El juez declara el concurso mediante auto y nombra al administrador concursal (abogado, economista o auditor especializado).
Fase 2: Fase común
El administrador concursal:
- Elabora el inventario de la masa activa (bienes y derechos del deudor)
- Elabora la lista de acreedores con sus créditos clasificados (privilegiados especiales, privilegiados generales, ordinarios, subordinados)
- Informe de la administración concursal con evaluación del estado de la empresa y propuesta de solución
Duración aproximada: 6-12 meses en concursos medianos en Tenerife.

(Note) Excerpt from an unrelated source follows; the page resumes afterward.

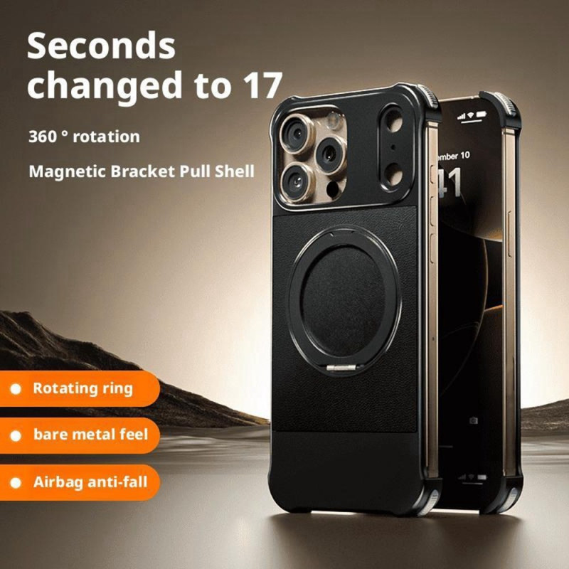 Elegante magnetische Schutzhülle für das iPhone 13 Pro Max mit integrierter Multifunktionshalterung. MagSafe-kompatibel und kabelloses Laden. Randloses Design mit verstärktem Schutz an den Ecken. Einfache Installation durch Schiebesystem.

Fase 3: Convenio o liquidación
Convenio: el deudor propone a los acreedores una quita (reducción de la deuda) y/o espera (aplazamiento). Si obtiene las mayorías necesarias, el juez lo aprueba y la empresa continúa. Los créditos ordinarios quedan reducidos o aplazados según el convenio.
Liquidación: si no hay convenio viable, se liquida el patrimonio. Los bienes se venden y el producto se reparte entre los acreedores según su clasificación.
Fase 4: Calificación concursal
En los concursos con convenio que incumple o con liquidación, el juez analiza si el concurso es fortuito (sin responsabilidad del deudor) o culpable (por dolo o culpa grave del deudor o sus administradores).
Concurso culpable: el/los administradores pueden ser condenados a:
- Inhabilitación para administrar empresas (2-15 años)
- Pérdida de derechos como acreedores
- Responsabilidad personal por el déficit concursal: el juez puede condenar a los administradores a pagar con su patrimonio personal la parte de las deudas que no queden cubiertas con la liquidación
Esta última consecuencia es la más temida y la que convierte el concurso en una amenaza patrimonial directa para los administradores de empresas insolventes.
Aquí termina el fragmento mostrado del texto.